Foster Swift Collins & Smith

Foster Swift Collins & Smith

I prefer to have the documents executed in my office for a variety of reasons, which include:   

  • I have the ability to make last minute client-requested additions or revisions to the documents. This can’t happen if the documents are executed outside of my office. 
  • I have the opportunity to review the documents with my clients before they sign them, as well as answer any questions they might have. I can’t do this if the documents are executed outside of my office. 
  • I don’t have to worry about:
    • My clients accidentally forgetting to sign one or more of the documents.
    • My clients failing to follow my instructions regarding the execution of the documents.
    • Receiving the signed documents from my clients with pages missing or having food and/or coffee stains on them – this has actually happened on more than one occasion!

If I can’t talk my clients out of executing the documents outside of my office, I make sure that they are aware of the execution requirements for each document. I advise them that best practice dictates that there be two independent non-related witnesses for those documents that require witnesses, as well as an independent non-related notary public for those documents that require execution in front of a notary. Since a notary can serve as one of the witnesses, two independent non-related individuals, with one of them being a notary, need to be available for the execution of the documents. This, in many instances, is easier said than done because banks and other financial institutions may very well provide a notary, but typically will not allow an employee to be a witness. 

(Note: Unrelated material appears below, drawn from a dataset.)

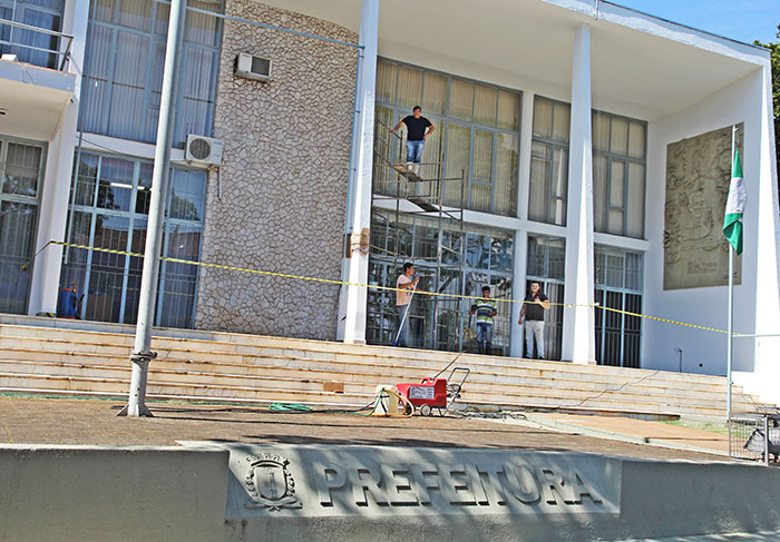 Cornélio Procópio – Os trabalhos de restauração do prédio central da Prefeitura do Município de Cornélio Procópio continuaram na última semana. Uma empresa terceirizada está recuperando parte da área frontal com a limpeza de um bloco de pedra e o piso em granito. Segundo o prefeito Amin Hannuche, o prédio necessitava destas reformas e manutenção, porque vários departamentos estavam sem as mínimas condições de trabalho e de acolhimento daquelas pessoas que procuram a prefeitura. Como ficou muitos anos sem a devida manutenção, o prédio localizado no centro da cidade continua recebendo pintura interna e melhorias no seu acesso externo. Amin Hannouche lembrou que o prédio da prefeitura de Cornélio Procópio, conhecido como “Paço Municipal”, foi inaugurado em 1967 pelo então prefeito Rosário Pitelli (In memoriam) e sua arquitetura original continua sendo preservada. “É um patrimônio Histórico que temos que deixar conservado para as próximas gerações”, disse o prefeito. (Comunicação/Prefeitura)

Consequently, if you decide to have your estate planning documents executed outside of your lawyer’s office, you can save yourself a lot of trouble by making sure that you already have two independent non-related witnesses, one of whom is a notary public, lined up for the execution of those documents. If you just show up at a bank expecting those individuals to be made available to you, you could be in for a rude awakening. Oh and one more thing, please do not use your estate planning documents as a coaster for your coffee cup! Your attorney will be eternally grateful!  

DISCLAIMER: Because of the generality of this update, the information provided herein may not be applicable in all situations and should not be acted upon without specific legal advice based on particular situations.